Cuban post office. Photo: Juan Suarez

HAVANA TIMES — This is a brief and concrete analysis of a decisive aspect of Cuba’s current situation.

The opinion that the economic, social and political model still in place is the chief cause behind the country’s current situation and the serious social problems we are facing is almost unanimous in Cuban society.

In one way or another, all schools of political thought in Cuba today, within or outside government circles, concur that we must work to bring about changes to this model.

The differences have to do with the scope and direction of these changes. Looking at the different proposals carefully and in depth, however, we can catch sight of a number of common elements. Let us see what they are.

The government’s traditional opposition – at first through violent actions and, in more recent decades, through peaceful approaches – has long been calling for democratic changes. It has paid a high price for its actions.

The broad democratic and socialist Left coalition, which gathers Trotskyites, anarchists, followers of Gramsci, libertarians, proponents of council democracies, social democrats, democratic communists, self-management proponents, supporters of cooperativism and other tendencies, has also been the victim of different degrees of repression since 1959. For a long time many in this group (myself included) believed that changes that favored their positions could be brought about within the existing system.

I believe very few people this side of the spectrum still believe that it is possible to move towards true, revolutionary socialism without a previous democratization of society, and many of us have put this goal at the top of our list.

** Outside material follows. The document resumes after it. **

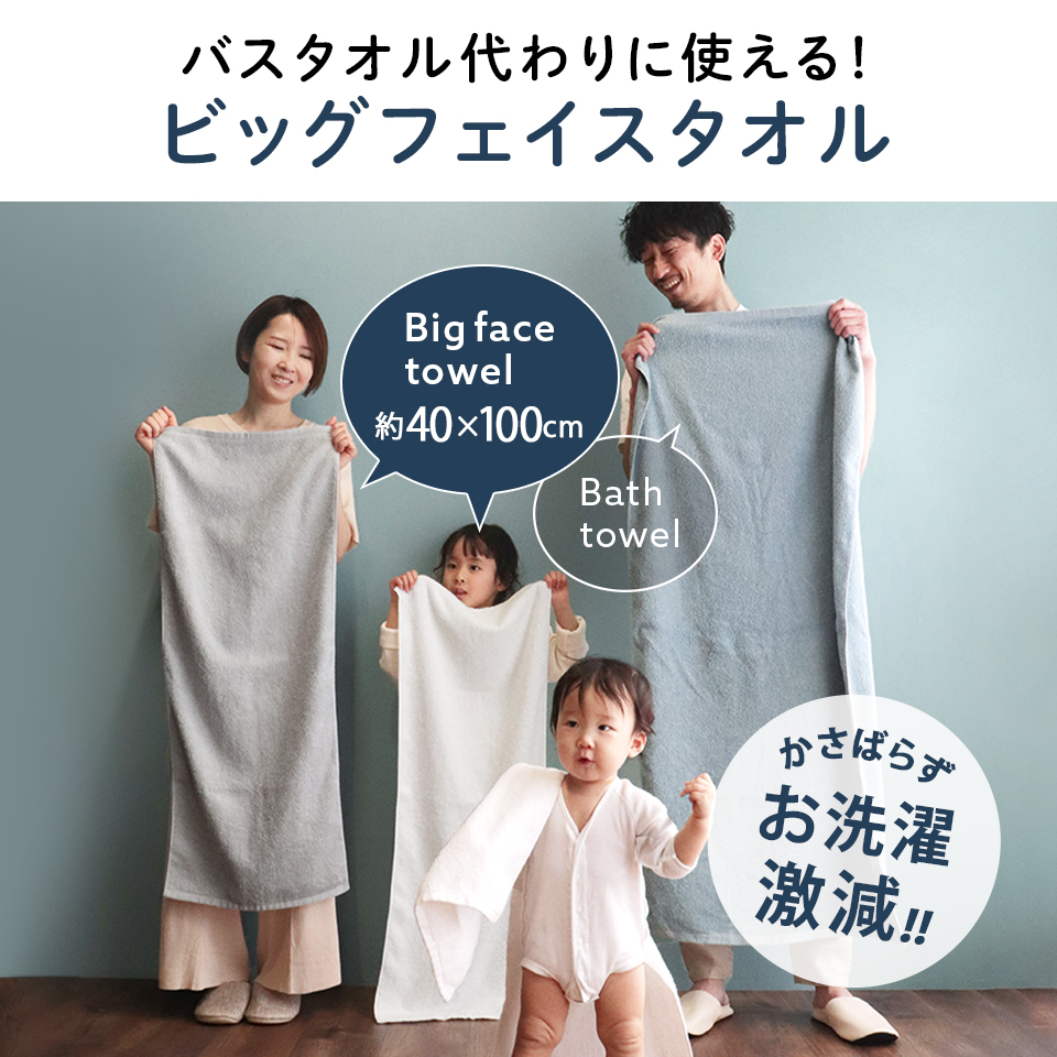 ビッグフェイスはお風呂上がりも十分お使いいただける吸水力と、ふかふかのボリュームが大人気です!

In the meantime, Raul Castro’s government, convinced that the State-controlled wage system cannot of itself solve the serious economic problems faced by Cuban society, has introduced a number of minor reforms to offer some limited and tightly controlled elbow room to self-employment, small national private companies, government designed cooperatives and, more recently, large scale foreign investment.

The measures are of the same nature as those essayed by Fidel Castro in the 1990s following the loss of the enormous financial support afforded by the Soviet Union and the “socialist bloc” – “reforms” that began to be restricted when the government sensed that it could rely on Venezuelan oil, offered by the Chavez government.

The arrival of scarce potatoes to a local market. Photo: Juan Suarez

It has been demonstrated that Cuba’s economic model cannot stay afloat without significant foreign aid. Today, Raul Castro and his military subordinates are laying their bets on a new foreign investment law that will draw fresh capital to the country, and, on the lifting of the US blockade/embargo.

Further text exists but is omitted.